When I started this blog, I quickly realized that if I was going to reference chart performance by a song, I needed a better source than Wikipedia, and naturally thought of Whitburn. I had owned one of his books forever ago, a compilation of Top 40 singles through 1984, and it was heavily thumbed until it finally fell apart and was discarded. There are lots of his books available in stores or from places like Amazon, but for a true nerdgasm, you need to order from the company directly, and pay a serious premium to get the 1,200-page monstrosity pictured above shipped to your home. It’s been worth every penny. Browsing its pages, I see the names of bands and songs that I had long forgotten, and it’s been a joy to revisit oddities like the whispy soft-core pop of Christopher Atkins’ “How Can I Live Without Her” from “The Pirate Movie” soundtrack. It is not a good record, but I liked it enough in the summer of 1982 to record it off CJCB for a mixtape, and was so very glad to experience its horribleness again.
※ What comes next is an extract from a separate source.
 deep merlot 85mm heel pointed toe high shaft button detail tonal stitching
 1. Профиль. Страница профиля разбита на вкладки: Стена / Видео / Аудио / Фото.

Only a true music nerd, a Joel Whitburn, would understand.

And with that, here are my favourite “new” albums from last month:

  • Faces – A Nod Is as Good as a Wink … to a Blind Horse (1971) (I am yet to have a bad experience listening to a Rod Stewart record, and, yes, that includes “Blondes Have More Fun”.)
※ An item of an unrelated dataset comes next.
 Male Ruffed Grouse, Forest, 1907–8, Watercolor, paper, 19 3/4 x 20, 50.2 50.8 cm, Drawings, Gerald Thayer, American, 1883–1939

  • Tom Petty and the Heartbreakers – Tom Petty and the Heartbreakers (1976) (Yeah, I know – I should’ve listened to this decades ago.)
  • Nick Lowe – Labour of Lust (1979) (See Tom Petty, above.)
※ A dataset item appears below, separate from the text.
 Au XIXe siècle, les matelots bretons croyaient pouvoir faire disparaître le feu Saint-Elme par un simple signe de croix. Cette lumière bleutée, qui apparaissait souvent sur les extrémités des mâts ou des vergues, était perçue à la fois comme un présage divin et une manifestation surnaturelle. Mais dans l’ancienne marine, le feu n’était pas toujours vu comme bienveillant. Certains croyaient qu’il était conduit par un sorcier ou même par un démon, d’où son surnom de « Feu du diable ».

  • Steve Miller Band – Abracadabra (1982) (I have always disliked the title song, but the album is a soaring meeting of power pop and new wave that feels like the soundtrack to a John Hughes movie, which is high praise in my book.)
  • The Three O’Clock – Sixteen Tambourines (1983) (1960s Britpop/psychedelica filtered through an indie pop sensibility.)
  • Public Image Ltd. – This Is What You Want … This Is what You Get (1984) (I think the widespread dislike of this record is about the audience’s expectations for what John Lydon would give them instead of a comment on the great brooding pop record that he delivered.)
  • The Screaming Blue Messiahs – Bikini Red (1987)
  • The Posies – Frosting on the Beater (1993)
  • Nerf Herder – Nerf Herder (1996) (This is the band that would result if first cousins Bowling for Soup and blink-182 had a baby.)
  • Sloan – Action Pact (2003)
  • Ratboys – Happy Birthday, Ratboy (2021) (A strange blend of folk/country-tinged pop and early ‘90s female-fronted indie rock.)
  • Julia Jacklin – PRE PLEASURE (2022)
  • Sofie Royer – Harlequin (2022)
  • Sudan Archives – Natural Brown Prom Queen (2022)
  • Melt Yourself Down – Pray For Me I Don’t Fit In (2022) (Jazz-funk with elements of Afrobeat, punk and hyperdriven ‘90s indie pop.)
  • My Idea – CRY MFER (2022) (Lily Konigsberg can do no wrong in my eyes.)
  • Shygirl – Nymph (2022)
  • BODEGA – Broken Equipment (2022)
  • Steve Lacy – Gemini Rights (2022) (Neo soul smashes up against psych pop and comes out the other side as its own distinct thing.)